▶ _Material for this exercise_
__________________________________________________
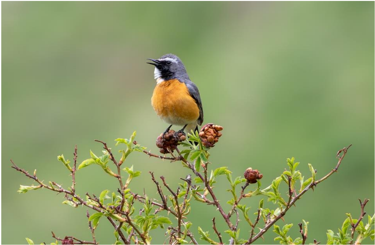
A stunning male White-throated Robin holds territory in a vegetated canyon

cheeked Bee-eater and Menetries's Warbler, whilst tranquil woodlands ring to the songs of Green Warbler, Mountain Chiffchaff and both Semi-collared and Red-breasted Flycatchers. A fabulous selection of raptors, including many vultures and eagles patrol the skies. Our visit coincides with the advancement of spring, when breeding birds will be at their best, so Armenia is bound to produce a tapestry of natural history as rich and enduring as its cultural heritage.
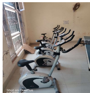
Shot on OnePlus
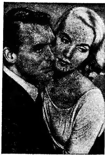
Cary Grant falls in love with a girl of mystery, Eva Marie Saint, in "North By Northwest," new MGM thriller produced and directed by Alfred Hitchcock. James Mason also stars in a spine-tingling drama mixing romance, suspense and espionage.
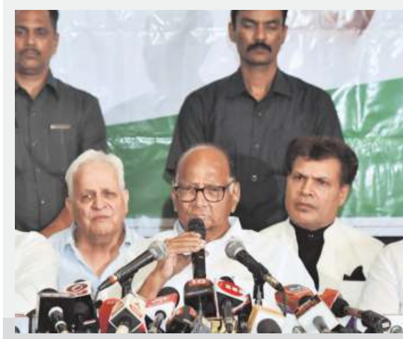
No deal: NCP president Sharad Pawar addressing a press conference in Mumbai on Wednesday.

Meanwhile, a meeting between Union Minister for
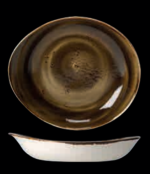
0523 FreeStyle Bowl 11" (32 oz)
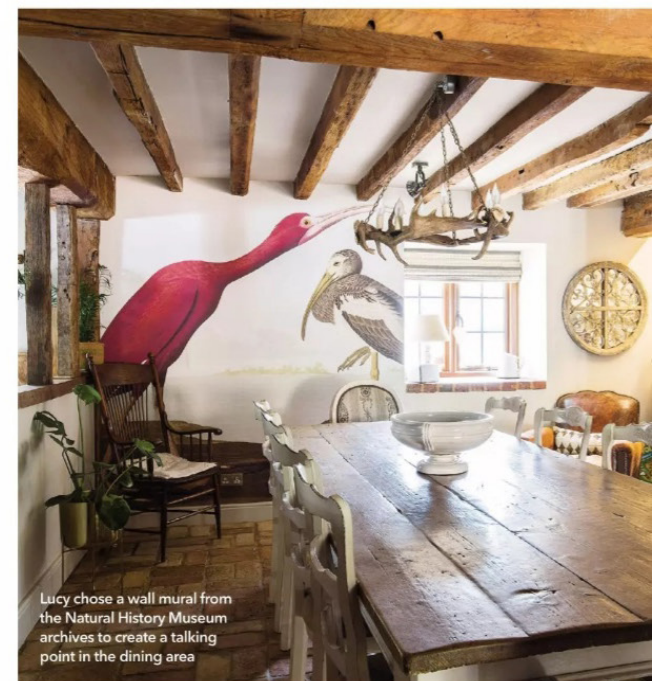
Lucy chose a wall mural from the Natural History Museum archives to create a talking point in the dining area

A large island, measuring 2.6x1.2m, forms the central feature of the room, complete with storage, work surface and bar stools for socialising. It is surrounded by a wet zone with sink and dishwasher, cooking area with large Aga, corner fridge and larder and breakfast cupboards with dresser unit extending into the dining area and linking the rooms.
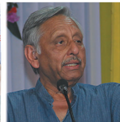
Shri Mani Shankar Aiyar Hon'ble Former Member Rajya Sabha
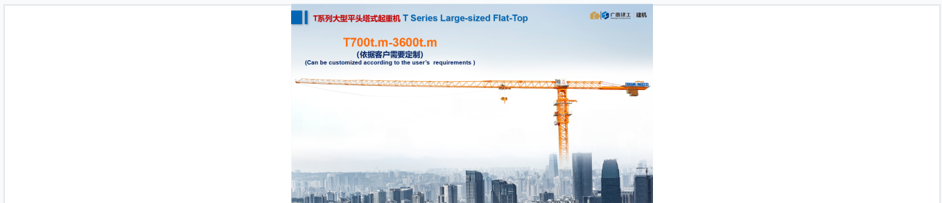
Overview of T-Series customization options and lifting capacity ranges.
__________________________________________________
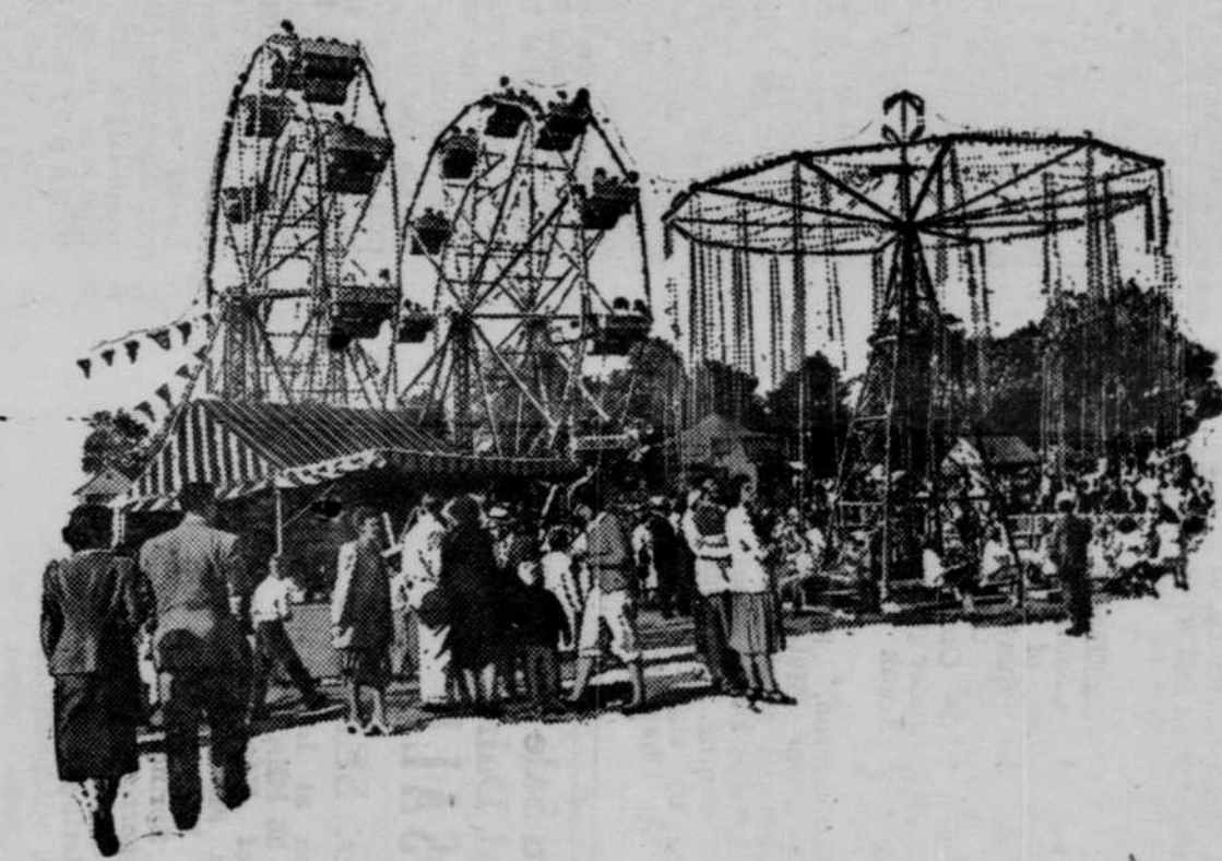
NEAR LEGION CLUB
__________________________________________________
▶ _Task_
Please copy out each line of the material that holds the string "area".

▶ _Result of this exercise_
Lucy chose a wall mural from the Natural History Museum archives to create a talking point in the dining area
A large island, measuring 2.6x1.2m, forms the central feature of the room, complete with storage, work surface and bar stools for socialising. It is surrounded by a wet zone with sink and dishwasher, cooking area with large Aga, corner fridge and larder and breakfast cupboards with dresser unit extending into the dining area and linking the rooms.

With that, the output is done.